Sobre o mesmo episódio, a vereadora Dra. Cristina Lopes (PSDB) criticou a postura do presidente Andrey Azeredo, comparando com a própria eleição da mesa diretora no dia 1º de janeiro de 2017. “A legislatura aqui na Câmara abriu e fechou da mesma forma. De uma forma sofrível, lamentável, pouco republicana, com o presidente atropelando a sessão. Nesta última ele usou de uma manobra que é natural dentro do legislativo, porém ele tinha um acordo. Ele colocou em votação uma matéria que precisava de quórum qualificado, o que forçou o encerramento da sessão de maneira desnecessária, amadora e muito canalha, na minha opinião”, asseverou a vereadora Dra. Cristina.

Jorge Kajuru (PRP) também relembrou a eleição da Mesa Diretora. “O primeiro dia da Câmara representou um dia sórdido. Não há nenhuma dúvida que foi uma eleição negociada, com participação de cartéis, discutida com pessoas que nem deveriam estar aqui. E aí veio o último dia, quando foi a confirmação da sordidez total, nós fomos feitos de palhaços, foi um episódio lamentável, realmente muito triste”, disse.

Boas surpresas

Para o ano que vem, a oposição aposta na ampliação da independência entre os poderes para a continuidade dos trabalhos do Legislativo. “Tivemos boas revelações nesta legislatura”, disse Elias Vaz (PSB), citando os novatos Sabrina Garcêz (PMB), Lucas Kitão (PSL), Jorge Kajuru (PRP) e Delegado Eduardo Prado (PV).
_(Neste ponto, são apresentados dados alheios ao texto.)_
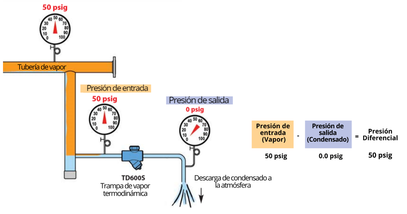 La presión en la salida de la trampa puede variar significativamente, es importante comprender la presión de la trampa, ya que esto afectará la presión diferencial utilizada para dimensionar y seleccionar la trampa de vapor adecuada. Además, podría haber casos en los que la presión de suministro de vapor a la entrada de la trampa no sea lo suficiente para “empujar” el condensado hacia la línea de retorno.

“Na minha opinião, esses novos vereadores, junto aos outros parlamentares que já vinham desempenhando trabalhos importantes, engrandeceram muito a Casa. Hoje a Câmara adquiriu um perfil, um nível que vai ser difícil o Executivo continuar com essa postura de querer tratorar este poder. Tivemos investigações importantes e posicionamento por várias vezes de independência, com a derrubada de vários vetos, por exemplo. Então ainda acredito que a Câmara mantém o perfil de independência na sua essência, mais do que tivemos no passado”, avaliou o vereador do PSB.

Dra. Cristina, por sua vez, ressaltou um maior empenho e produtividade dos vereadores em geral, com a formação de várias Comissões Especiais de Inquérito (CEI) e a realização de todas as sessões ordinárias, sem nenhum cancelamento durante o ano. “Hoje há um novo perfil no processo político brasileiro e as pessoas que não trabalharem efetivamente serão eliminadas. Isso é muito salutar”, ressaltou.

Segundo ela, durante o ano a Câmara teve pôde “legislar de frente para a população”, com a aprovação de projetos e derrubada de vetos do prefeito durante o ano. “O prefeito [Iris Rezende] desqualifica e despreza essa Casa ao não eleger um líder e isso gera um grande dano, em especial para a população de Goiânia. Muitas coisas inclusive estão sendo judicializadas porque ele não confia no trabalho desta Casa”, citou. Sobre este relacionamento conturbado entre Executivo e Legislativo, ela afirmou que não vê perspectiva de mudanças para o ano que vem.